A list of xyz coordinates, the unit of length must agree with the lattice

unitsstr

A unit of length for the input values. The default is Angstrom.

Returns

None

Modifies

xyz_coordinates fractional_coordinates nions

trim_cell()

Trim this cell so that any atoms outside a single cell are removed.

As well as removing the redundant atoms, a list of the mappings from the original cell and to the old cell are generated

This routine is used when generating a primitive (the new) cell, from a standard cell

Parameters

None

Returns

map_old_to_new : a list of integers map_new_to_old : a list of integers

Modifies

fractional_coordinates atom_labels atom_masses element_names

write_cif(filename=None, filedescriptor=sys.stdout, description=None)
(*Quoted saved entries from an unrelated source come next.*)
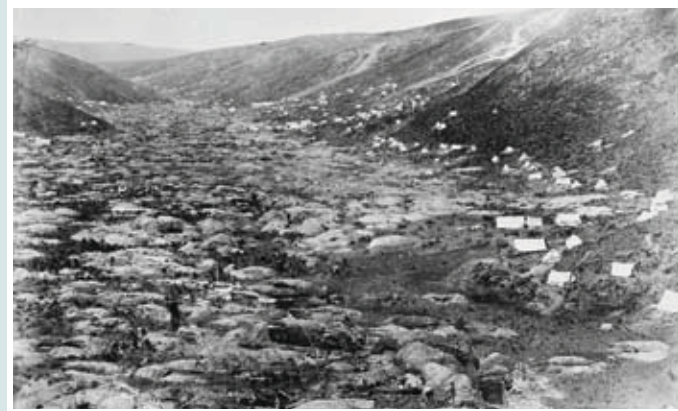
Gabriel's Gully at its peak, no trees but many people, tents and piles.

Hydraulic elevators were introduced to the goldfield later on, sluiced gravel would be raised by suction and water pressure. Gabriel's Gully was to become well known for its mammoth engineering feats, the introduction of new techniques and its longevity as a goldfield. Above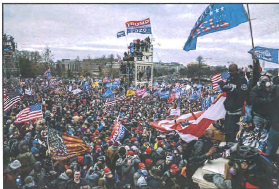
Photograph of the Capitol on January 6, 2021 113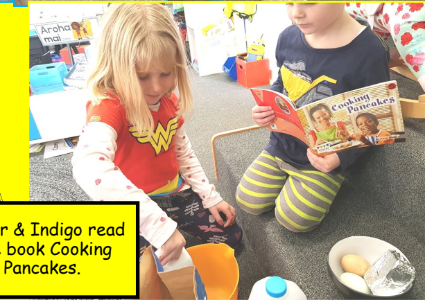
Ryder & Indigo read the book Cooking Pancakes.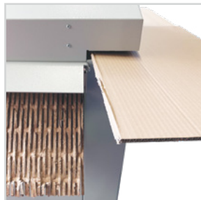
ADJUSTABLE WORKING WIDTH: automatically cuts carton of larger size than entry throat.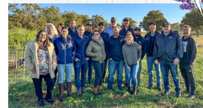
SPROUTIES TAKING PART IN THE REGENERATIVE RETREAT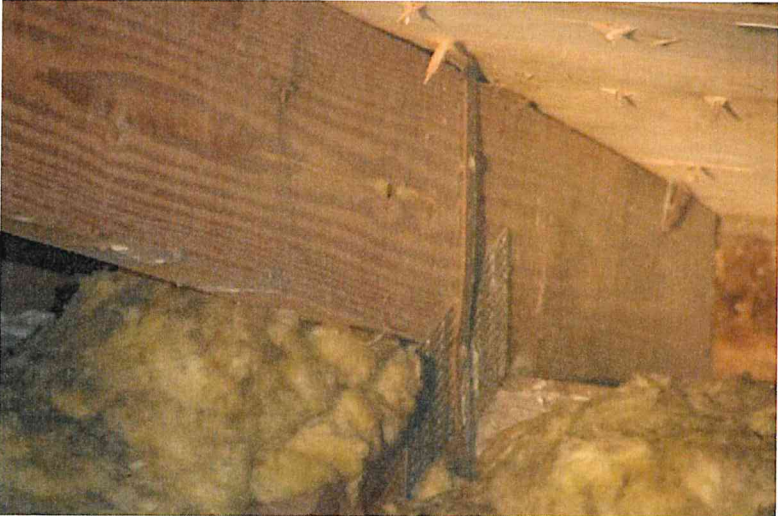
Single strap with 2 nails into the truss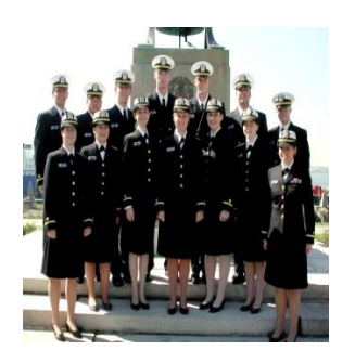
U.S. Merchant Marine Academy Kings Point, New York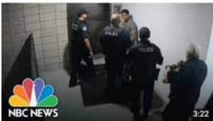
Police Beating Unarmed Man In Mesa, Arizona | NBC News

All police officers should turn in their guns until they know when exactly to use them. Drawing a gun should not be how they introduce themselves to anyone. I am totally against police brutality. My vote has been in dealing with all those lost by their hands. How long will this continue?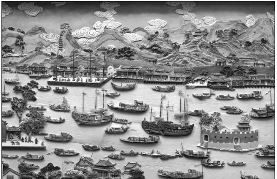
Diorama, View of Canton, circa 1750–1800.

The Americans attempted to eat with chopsticks, with very poor results: "Monkies [sic] with knitting needles would not have looked more ludicrous than some of us did." Finally, their host put an end to their discomfort by ordering western-style plates, knives, forks, and spoons. Then the main portion of the meal began:

Write the crystallographic information file (CIF) representation of a structure.

Parameters

filenamestr, optional

The name of the file to be written. If not provided, the CIF data is printed to stdout.
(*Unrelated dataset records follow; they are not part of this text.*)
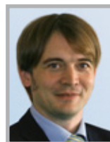
Heino Thoben-Mescher Product Management

The new NA switch offers this very emergency stop loop connection option. The isolating device required here has to be able to disconnect all active conductors including the neutral conductor and AC-DC sensitive residual current circuit-breakers have to be used too. The Doepke DFS 4 B NA combines all of these properties in one device.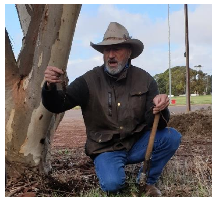
Figure 15 grass roots from under a tree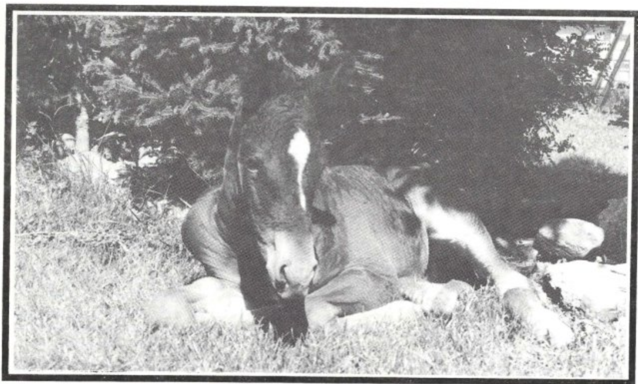
1993 "Foals" Photo Contest Winner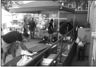
Client's food supplies are handed out to them through the Pantry's back door, where they are packed into wagons to deliver to clients' cars (unless they have their own shopping carts).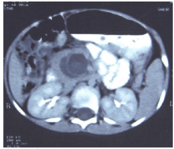
Figure 1: Computed tomography shows a homogenous mass arising from the head of the pancreas.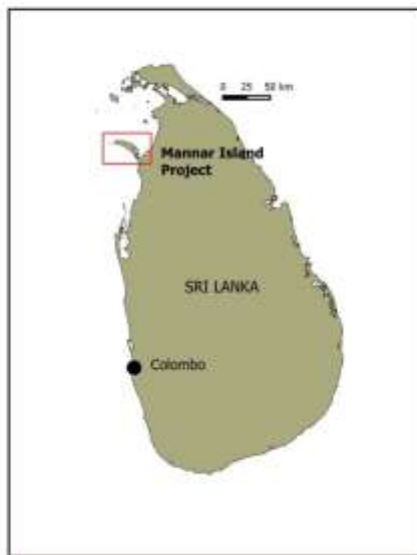
Figure 1 Mannar Project area, pre 2016 and current Srinel Holdings Ltd auger drilling.

filedescriptorfiledescriptor, optional

The file descriptor of the file to be written. If not provided, the CIF data is printed to stdout.

descriptionstr, optional

A description of the cif file

Returns

None

Notes

This method prints the CIF representation of a structure, including the space group, cell dimensions, angles, volume, and the fractional coordinates of the atoms. Any lengths are converted to Angstrom, the volumes is give as Angstrom^3 If a filename is provided, the CIF data will be written to that file. Otherwise, it will be printed to standard output. Only one of filename or filedescriptor can be specified

Examples

To print the CIF representation to standard output, simply call the method without arguments:

>>> cell.write_cif()

To write the CIF representation to a file named “example.cif”:

>>> cell.write_cif('example.cif')

atom_labels = []

atomic_masses = []

bonds = []

centres_of_mass = []

element_names = []

fractional_coordinates = []

lattice = [[1.0, 0.0, 0.0], [0.0, 1.0, 0.0], [0.0, 0.0, 1.0]]

molecules = []

nions = 0

total_mass = 0.0

units = 'Angstrom'

xyz_coordinates = []

PDielec.UnitCell.convert_length_units(value, units_in, units_out)
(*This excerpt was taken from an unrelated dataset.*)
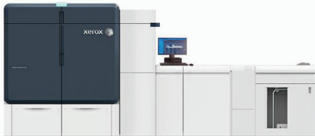
Xerox® Iridesse® Production Press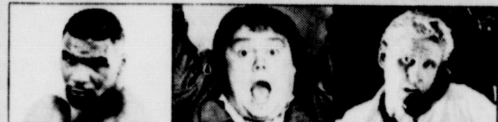
World Championship Boxing

“Convert between different length units.

The ‘internal’ unit is taken to be the Angstrom so units are relative to the Angstrom The unit strings are made lowercase, so case should be irrelevant

Parameters

valuefloat or list of floats or a numpy array

The value(s) for which the conversion is to be made.

units_instr

The units of the input value(s). Can be one of ‘

units_outstr

The units of the output value(s). Must be one of ‘a.u. au bohr ang angs angstrom nm um mm cm m’

Returns

scalar or numpy array

The converted value(s) in the output units specified.

Notes

The input can be either a scalar value, a list or a numpy array of values. The function will return the converted value(s) in the output units specified.